Cracher ou ne pas cracher ?

Hamlet avait son château et ses fantômes. Le Serial Quilleur, lui, a son crachoir et ses remords. La question existentielle reste la même : cracher ou ne pas cracher ?

Le camp des avaleurs

Soyons honnêtes. Recracher un grand cru après l'avoir porté aux lèvres, c'est un peu comme entrer dans une boulangerie, humer le croissant chaud, et le reposer sur l'étagère. Techniquement possible. Moralement douteux.

Alors on se convainc. On se dit que c'est un hommage au vigneron, à ses années de labeur, à ses vignes bichonnées comme des enfants. Avaler, c'est respecter. C'est remercier. C'est presque un acte civique.

Et puis franchement — qui veut être celui qui fait un bruit suspect dans un seau en inox au milieu d'une dégustation de grands crus ? Personne. On veut savourer, profiter, et tant pis si la cinquième cuvée rend l'atmosphère un peu plus... animée.

Le camp des cracheurs

Sauf que la réalité finit toujours par rattraper les idéalistes.

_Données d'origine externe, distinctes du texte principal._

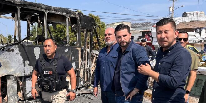 Asimismo, el presidente municipal se trasladó a otros puntos como la colonia 5 de Diciembre, donde continúan los trabajos para retirar unidades incendiadas que obstruían la circulación.
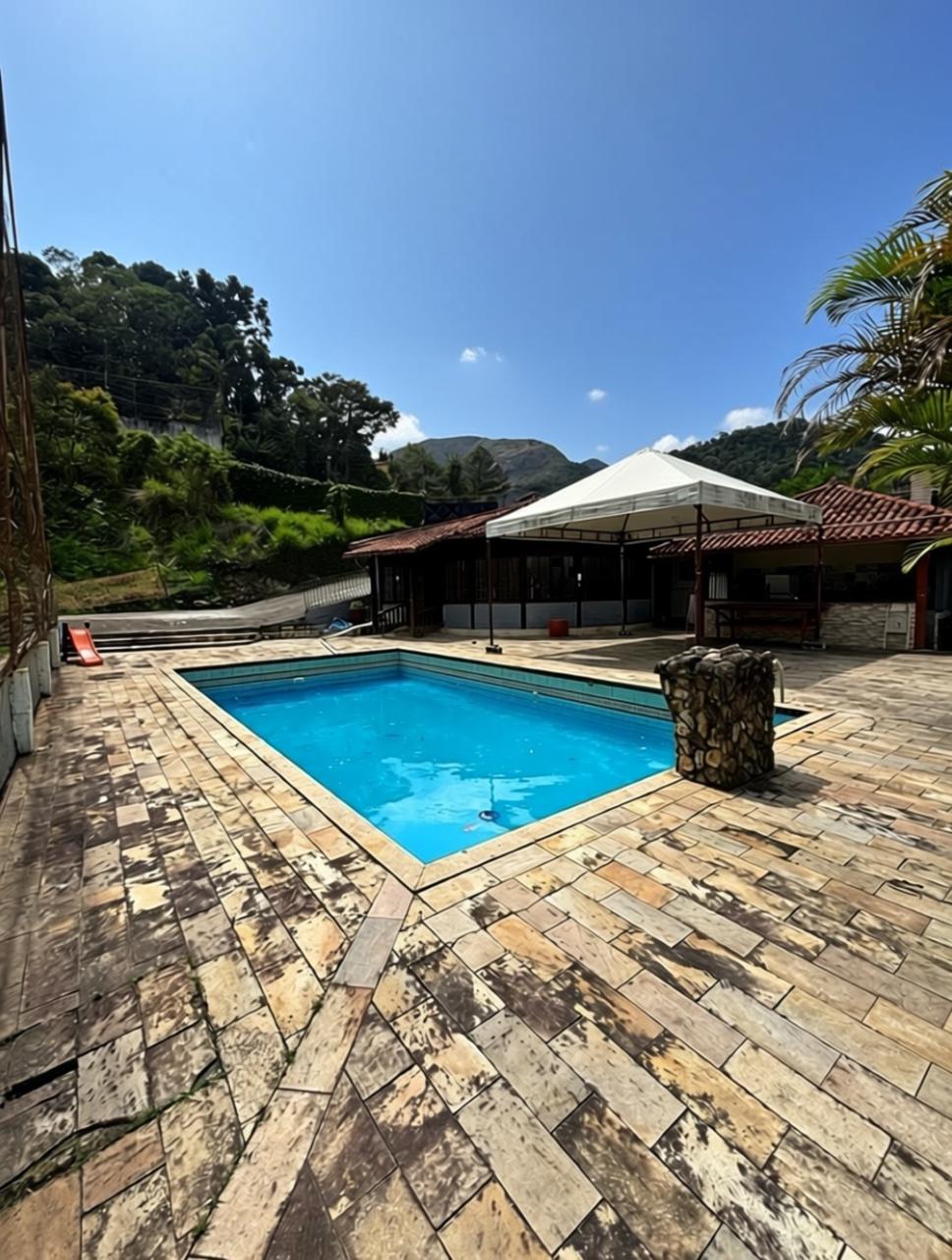 Casa com terreno plano à venda, com 2.800m² de área total, excelente visibilidade e fácil acesso. Atualmente, o espaço é utilizado para locação de eventos. A casa foi transformada num salão de festas com cozinha e 2 banheiros e conta com piscina, quadra de grama, área gourmet com churrasqueira e amplo estacionamento. O terreno é totalmente aproveitável, sendo adequado para construção residencial ou comercial. Aceita permuta.

Parce que si vous avalez tout, votre palais devient aussi fiable qu'un GPS des années 2000 — il recalcule en permanence et vous emmène dans le fossé. Les saveurs se brouillent, chaque vin devient "excellent" (y compris celui qui sent le bouchon), et vous finissez par confondre un Chablis avec un rosé de supermarché.

Sans parler de l'endurance. Une dégustation de vingt vins qui se termine en récitation de poèmes au crachoir, ce n'est pas exactement l'image du dégustateur accompli.

Cracher, c'est la discipline. Le professionnalisme. La seule façon de tenir jusqu'au dernier verre sans finir à entonner La Bohème avec le vigneron à dix heures du matin.

Le dilemme devient philosophique

Cracher, c'est aussi renoncer. Renoncer au plaisir de laisser le vin glisser doucement, à cette chaleur qui accompagne chaque gorgée. C'est regarder un film génial et éteindre la télé avant le dénouement. Commander un soufflé au chocolat et n'en prendre qu'une cuillère.

Quel Serial Quilleur digne de ce nom peut vivre avec une telle frustration ?

La réponse (celle qu'on ne veut pas entendre)

L'équilibre, évidemment. Quelques gorgées pour le plaisir, quelques crachoirs pour la lucidité. La dégustation n'est pas un marathon de boisson — c'est une expérience sensorielle, une ode à la précision.

Même si, avouons-le, on a parfois très envie de mettre la précision en congé.

Alors la prochaine fois que le dilemme se pose, souvenez-vous : cracher avec style dans un crachoir en inox, c'est un talent. Et les talents, ça se respecte.

En vérité, il n'y a ni bonne ni mauvaise réponse. Chaque dégustation mérite les deux.